Some of those savings never materialise anyway. Take the standard flat ceiling: plasterboard below, battens and trusses above, insulation draped across the top. In theory it sits in still air and performs at its rated value. In practice, wind enters the roof cavity at one end of the building and exits the other, washing through and over the insulation as it goes. “That ceiling is basically R1 if you’re lucky. You paid for R6.6 and got R1, but only when it’s windy.” Faults like that cost very little to avoid and a fortune to live with.

What builders can do tomorrow
In fairness, Kiwi homes are tighter than many assume. A typical new build leaks around six air changes an hour at 50 pascals, against roughly fifteen in Australia, and that from nothing more exotic than plasterboard, plywood and concrete slabs. But even at that level, a closed-up home traps moisture. Surveys show about half of New Zealand homes carry visible mould, worst in Auckland, where mild, damp winters prevent drying.
“If you’ve got windows you can close, you need mechanical ventilation. That’s accepted wisdom everywhere except New Zealand and Australia.” Continuous ventilation manages moisture, thereby preventing damp, rot and mould; heat recovery adds efficiency, but Jason sees health as the main prize, with superior indoor air quality having instant health benefits in some cases. Retrofitting a system later, he says, costs far more than building it in.

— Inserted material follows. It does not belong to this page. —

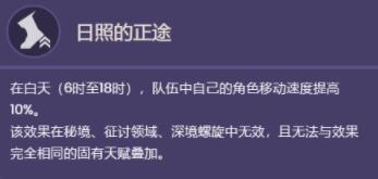 在白天(6时至18时),队伍中自己的角色移动速度提高10%。

For a builder who wants their next house to perform better without chasing certification, Jason suggests three changes that cost little beyond attention. The first is airtightness: treat the internal lining as a continuous air-control layer, seal the penetrations through the ceiling, and keep the plasterboard unbroken behind the bath, where it’s so often left open over a void. “A few hundred dollars of labour, no new products, can save 10 to 20% of the heating bill.” The second is wind-tightness: walk the outside of the building and close off every path the wind can take through the insulation.
The third is continuous ventilation, often as simple as swapping the bathroom extract fan for a continuous-extract model, frequently cheaper than the standard unit at Bunnings, that runs quietly around the clock. Passive doesn’t mean a sealed box. With its ventilation running, a Passive House has more fresh air than an ordinary home, and because it warms faster, the people inside tend to throw the windows open in spring before their neighbours do. “Homes are supposed to be sanctuaries,” he says, “not somewhere you scrape through life on the least you can get away with.”

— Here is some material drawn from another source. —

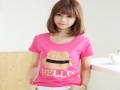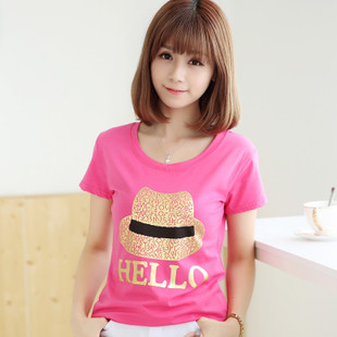 2015夏季圓領短袖T恤女裝 帽子女孩印花可愛學生修身T恤半袖 /

There is a caution. Adding high-performance products in a build you haven’t modelled can be a double-edged sword. Jason points to a recent UK external wall insulation programme with an alarming failure rate, driven, he says, by chasing energy savings at the lowest possible cost, with predictable results. The fix is knowledge, which is where the industry’s next generation comes in. Sustainable Engineering offers a certified tradesperson course and Master Builders Canterbury has funded scholarships to send apprentices through it.
Could every home be a Passive House one day? Jason thinks so, because it’s simply what a decent home is. And, unlike most upgrades, it pays back from day one in lower bills and better health. The technology and the products are already here, he says. What’s missing is the will to put the pieces together properly.